▶ **Stored records**

::::

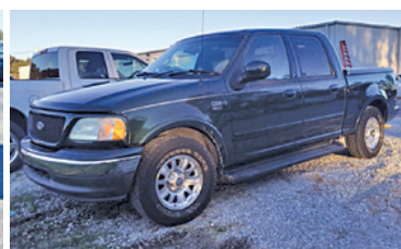
Stk# 784A 2002 FORD F150 Lariat, Crew Cab
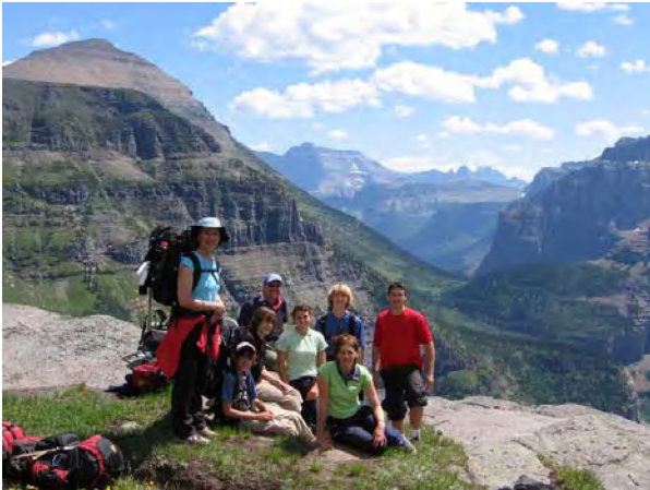
Glacier National Park (MT) 2005
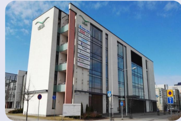
CIIC Jinan – Vantaa Office Finland, Helsinki
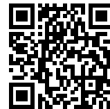
Photo Shoot Special
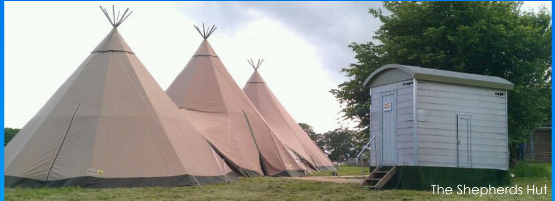
The Shepherds Hut

Unique to Site Event our range of luxury themed toilet trailers are fitted with bespoke interiors, co-ordinating accessories, vinyl wrapped exterior and a hand-made roof. Our themed toilet trailers never fail to impress, ensuring the loos are the talking point of your event! Built by our sister company for ultimate reliability and style.
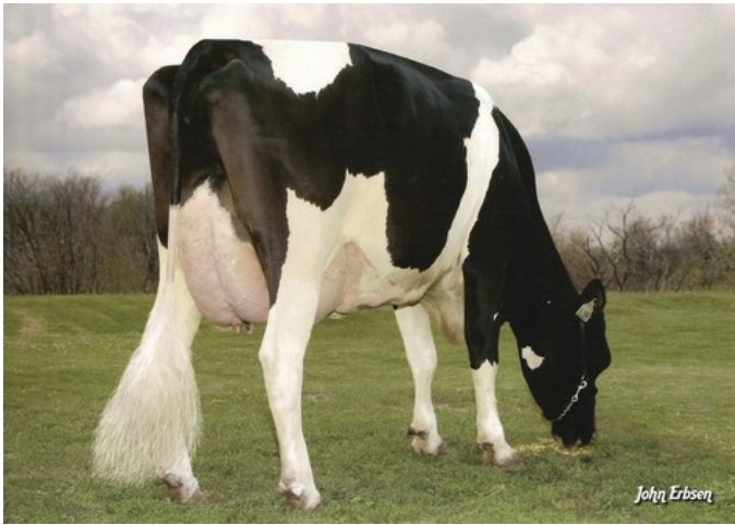
De-Su BW Marshal Georgia EX-90
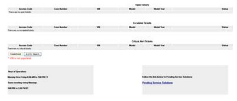
Figure 2. Technical Assistance page
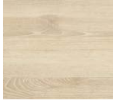
Classic Limed Ash 9955 w/r 9833 LRV 48.7
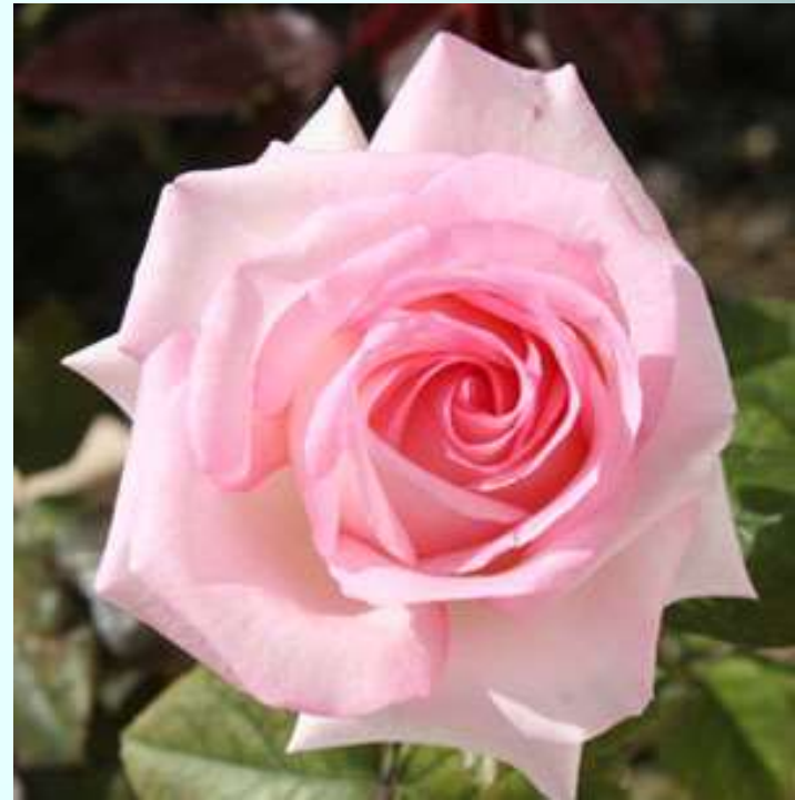
Mavrik Pink Blend
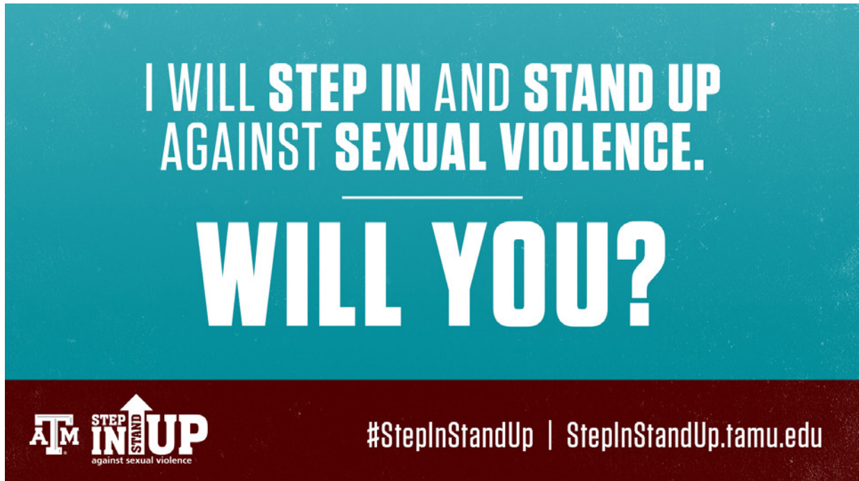
Shareable social media graphic
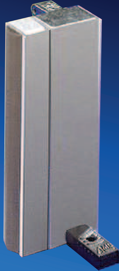
Double 2HP Extender
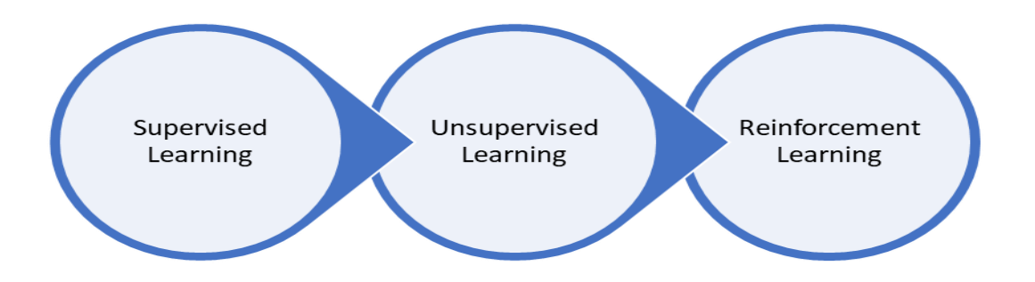
Figure 1. Schematic of classification of machine learning

Machine Learning is classified into supervised, reinforcement learning and unsupervised learning as shown in figure 1.
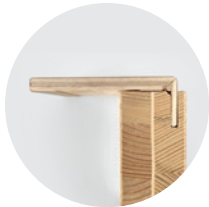
Blockboard wood frame, multilayer wood cover profiles.
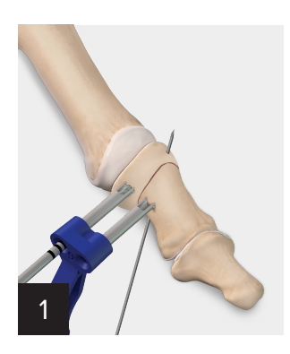
Center the DynaNite drill guide across the osteotomy site. Use the DynaNite drill bit to drill 2 holes at the osteotomy site. Note: The drill bit is laser marked to help drill to the correct depth.
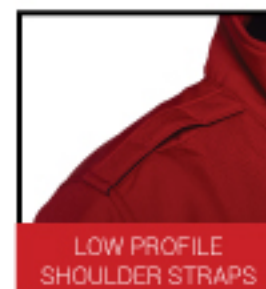
LOW PROFILE SHOULDER STRAPS
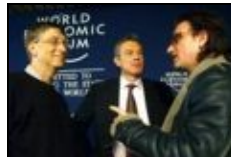
Bill Gates with the Catholic mason Tony Blair and controlled artist/'activist' Bono.
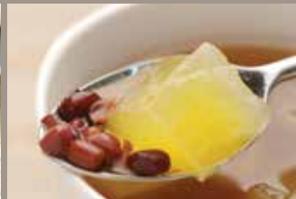
紅豆沙 Red Bean Soup
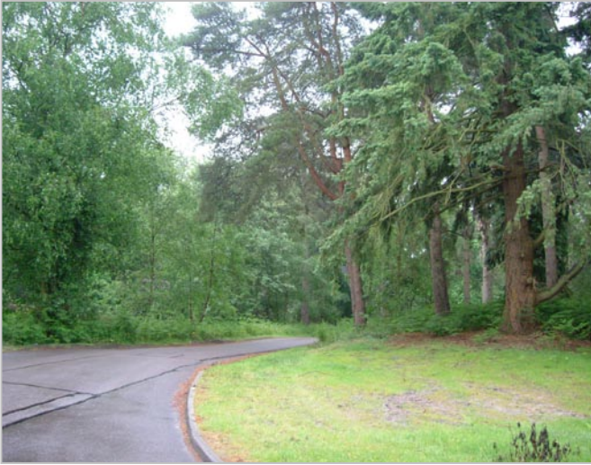
Tall coniferous trees provide a sense of enclosure.
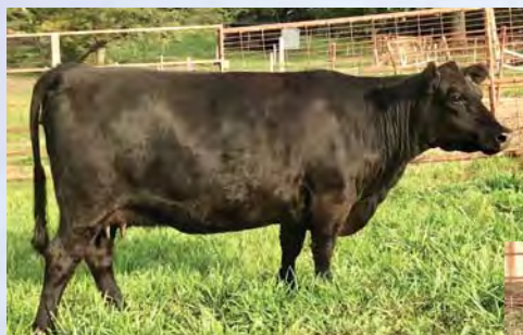
Lot 21 and 21A

Ardrossan Findon Kimbolton Daphne Brambletye Arunta Mugga Fidelity F338
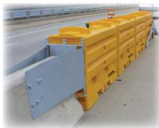
Concrete Barrier Attachment
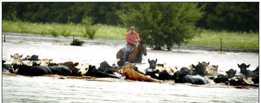
Cowboys on horseback were forced to herd about 140 head of steer through swirling floodwaters to safety on the far bank in northwest Cotton County.
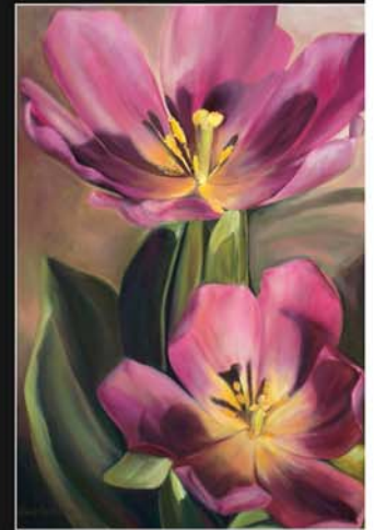
Pink Tulip Desiree Van Amsterdam

10% Off for SWCA Members in the month of February 2015!
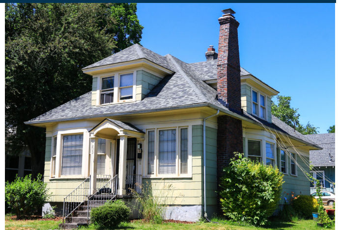
Rutherford House National Register Resource

Since the passage of the 1966 Historic Preservation Act, the National Park Service has provided best practice guidance for documenting, designating, and protecting historic resources. The Park Service maintains the National Register of Historic Places, the nation's official list of buildings, structures, sites, objects, and districts that are significant in American history. For properties listed on the National Register, a federal income tax credit is available for rehabilitation projects. In general, the Park Service does not apply preservation regulations to National Register resources and leaves protection decisions to state and local governments.
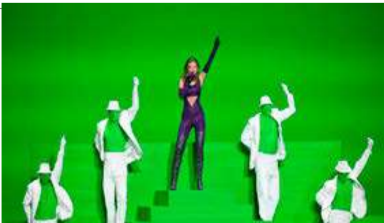
Stefania of Greece performs during the second semi-final of the 2021 Eurovision Song Contest in Rotterdam, Netherlands.
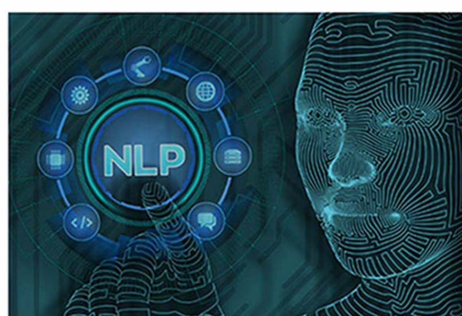
Natural Language Processing

::::

▶ **Your task**
Within the entries above, the lines from the one containing "Glacier National Park (MT) 2005" through the one containing "Concrete Barrier Attachment" are to be transcribed exactly, ends included, pictures excluded.

▶ **The completed task**
Glacier National Park (MT) 2005
CIIC Jinan – Vantaa Office Finland, Helsinki
Photo Shoot Special
The Shepherds Hut

Unique to Site Event our range of luxury themed toilet trailers are fitted with bespoke interiors, co-ordinating accessories, vinyl wrapped exterior and a hand-made roof. Our themed toilet trailers never fail to impress, ensuring the loos are the talking point of your event! Built by our sister company for ultimate reliability and style.
De-Su BW Marshal Georgia EX-90
Figure 2. Technical Assistance page
Classic Limed Ash 9955 w/r 9833 LRV 48.7
Mavrik Pink Blend
Shareable social media graphic
Double 2HP Extender
Figure 1. Schematic of classification of machine learning

Machine Learning is classified into supervised, reinforcement learning and unsupervised learning as shown in figure 1.
Blockboard wood frame, multilayer wood cover profiles.
Center the DynaNite drill guide across the osteotomy site. Use the DynaNite drill bit to drill 2 holes at the osteotomy site. Note: The drill bit is laser marked to help drill to the correct depth.
LOW PROFILE SHOULDER STRAPS
Bill Gates with the Catholic mason Tony Blair and controlled artist/'activist' Bono.
紅豆沙 Red Bean Soup
Tall coniferous trees provide a sense of enclosure.
Lot 21 and 21A

Ardrossan Findon Kimbolton Daphne Brambletye Arunta Mugga Fidelity F338
Concrete Barrier Attachment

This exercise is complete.